O jornal A Tarde analisou no dia dos mortos num artigo – Vida após a morte – as experiências de pacientes em UTI que descrevem o que sentiam após a parada cardíaca. E nesse sentido, cita o estudo relatado no livro “O que acontece quando morremos”, do médico Sam Parnia, recentemente lançado pela editora Larousse. Essa é mais uma tentativa de chegar mais pero do enigma através de uma minuciosa pesquisa sobre a quase-morte e fatos vivenciados em UTI. E o artigo se desdobra citando vivências de pessoas ligadas à ciência com a experiência de quase-morte. Segundo o neuropsiquiatra Peter Fenwick , do Royal College of Psychiatrists de Londres, essas experiências de quase-morte “são tão alarmantes quanto intrigantes e podem conter a chave para a descoberta do que acontece não apenas quando morremos, mas também para a questão mais ampla da natureza do ser”.
O filósofo Wittgenstein dizia que “sobre aquilo de que não se pode falar, deve-se calar”. Os avanços nesse campo, nos nossos dias, ultrapassam esse ponto de vista. Um dos pioneiros nessa abordagem foi o médico Raymond Moody, autor do livro Vida Após a Morte. Mas Sam Parnia, citado acima, foi mais além. Ele se debruçou sobre o cotidiano no hospital britânico Southampton General, local em que começou a se interessar nas informações dadas por seus pacientes que passaram pelo momento clinicamente conhecido como o ponto de morte. Ele percebeu que a melhor compreensão sobre a morte pode ser atingida ao estudar experiências de quase-morte, quando o coração deixa de bater e , após onze minutos a consciência e atividade cerebral cessam. Segundo ele , esse estado permanece reversível por trinta minutos e é o modelo possível para que a ciência ultrapasse o portal para o desconhecido e construa uma teoria sobre o processo da morte. Diz o pesquisador: “Trata-se de uma brecha excepcional de compreensão para aquilo que experimentamos como o fim da vida”.
Há muitos casos de pessoas que descrevem suas experiências de quase-morte e que contam sua sensação de terem deixado seus corpos Há um caso da Nova Zelândia em que a pessoa diz que “sabia que estava numa existência diferente; em meu estado inconsciente e pensei : então isso é a morte. A única coisa que permaneceu foi que o meu espírito se movia separadamente de meu corpo...”.
De qualquer forma, a morte permanece como um mistério profundo. E podemos nos perguntar se o fato de ser cristão muda alguma coisa no modo de considerar e enfrentar a morte ? Qual a atitude cristã diante da pergunta sobre o sentido último da existência humana, que a morte nos põe continuamente?

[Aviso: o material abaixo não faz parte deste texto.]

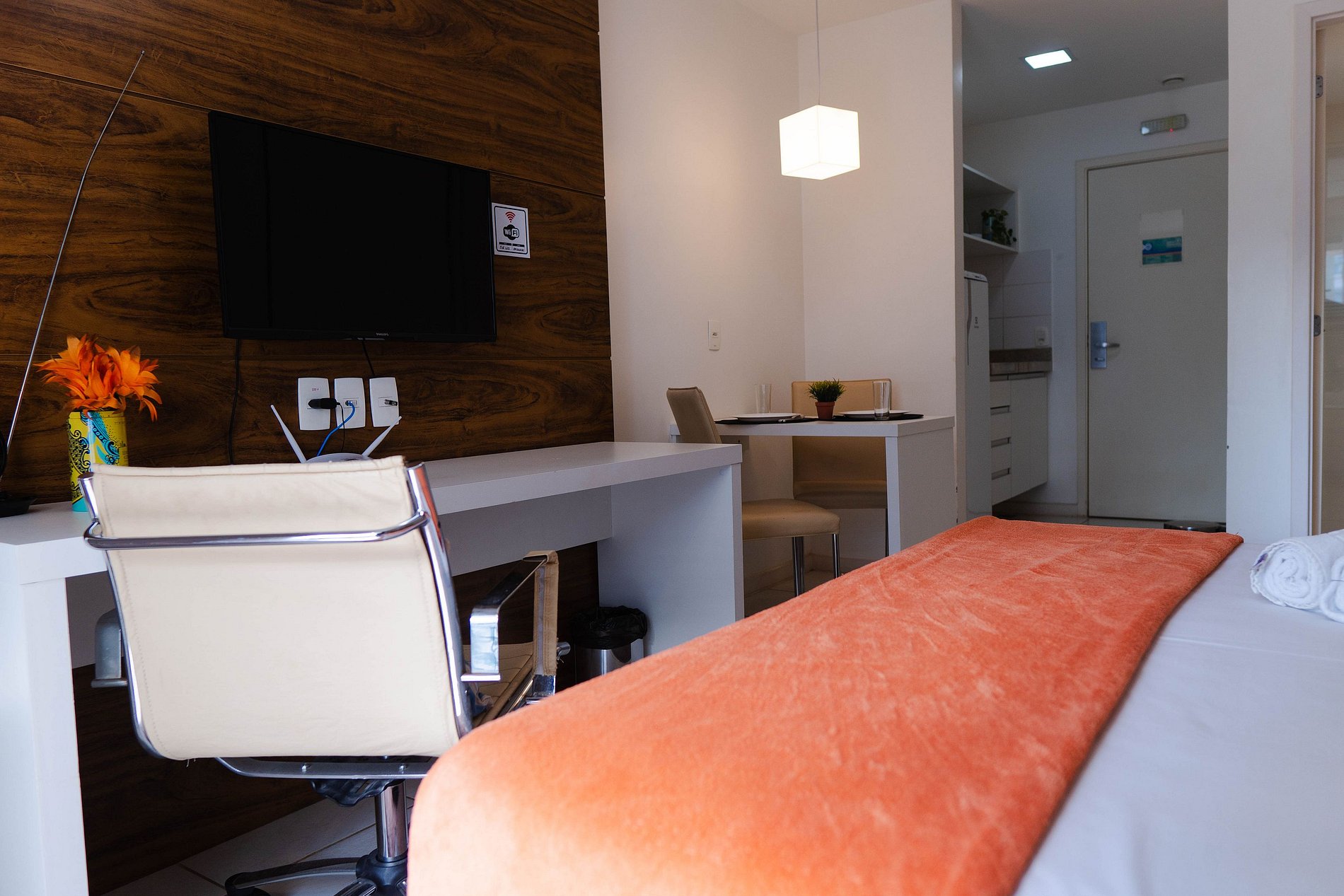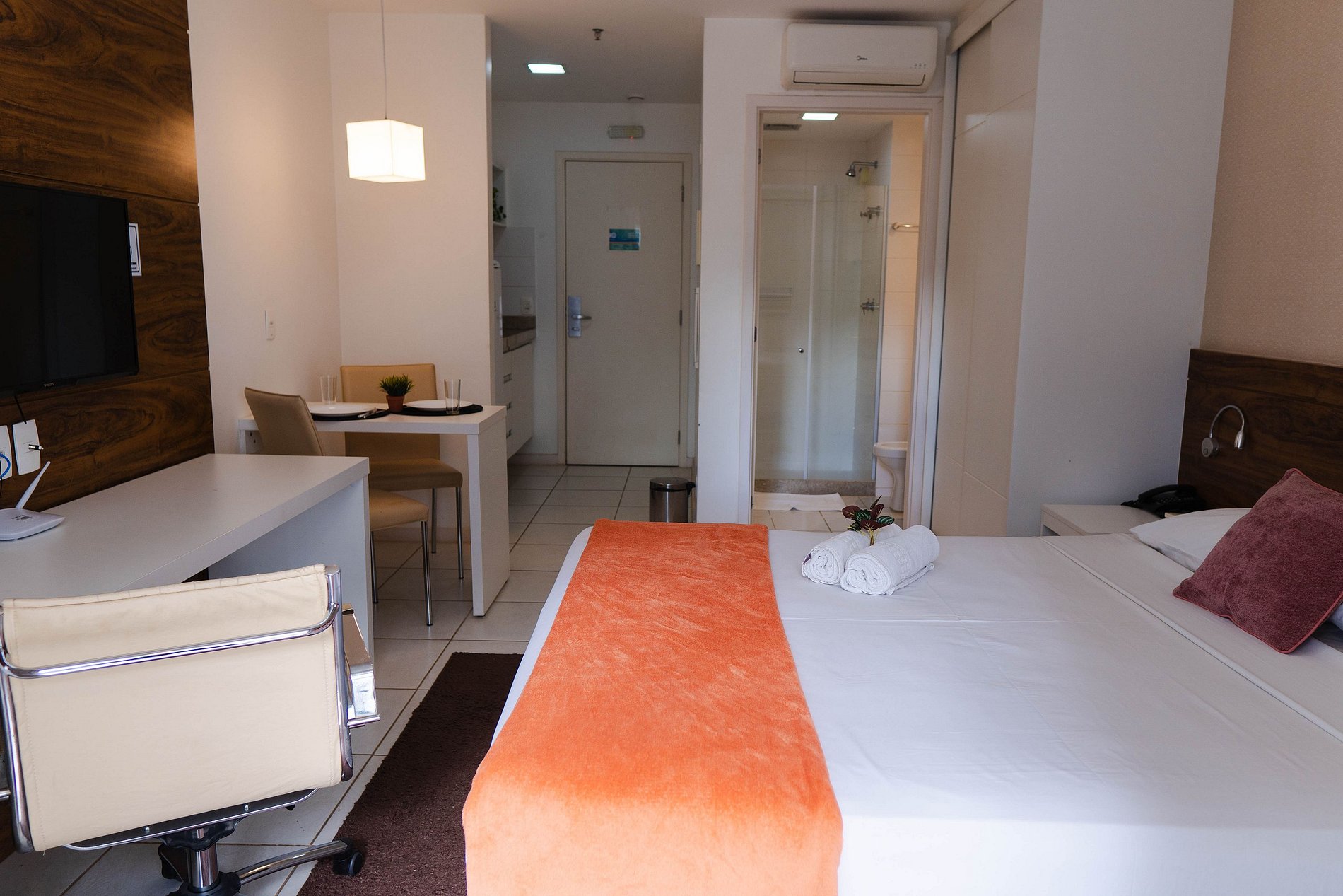 O flat possui ar condicionado e black-out para uma noite tranquila de sono. Além disso, o hotel conta com serviço de quarto 24hrs, roupas de cama limpas e higienizadas e um chuveiro incrível para um banho relaxante. E se caso preferir preparar sua própria comida, o ap possui cozinha compacta para refeições básicas, e geladeira para guardar o seus alimentos. A recepção e segurança funcionam 24 horas por dia, proporcionando tranquilidade durante toda a sua estadia.

A resposta se encontra na profundeza da nossa fé. A morte para o cristão segue as pegadas da morte de Cristo : a morte tem aparência de derrota mas é uma vitória e que é essencialmente não-morte pois aponta para a ressurreição final. Como se dará isso, precisamente, não sabemos. Não cabe à pessoa, de forma positivista, medir a imensidade do dom e das promessas de Deus que nos falou através do seu Filho Jesus Cristo.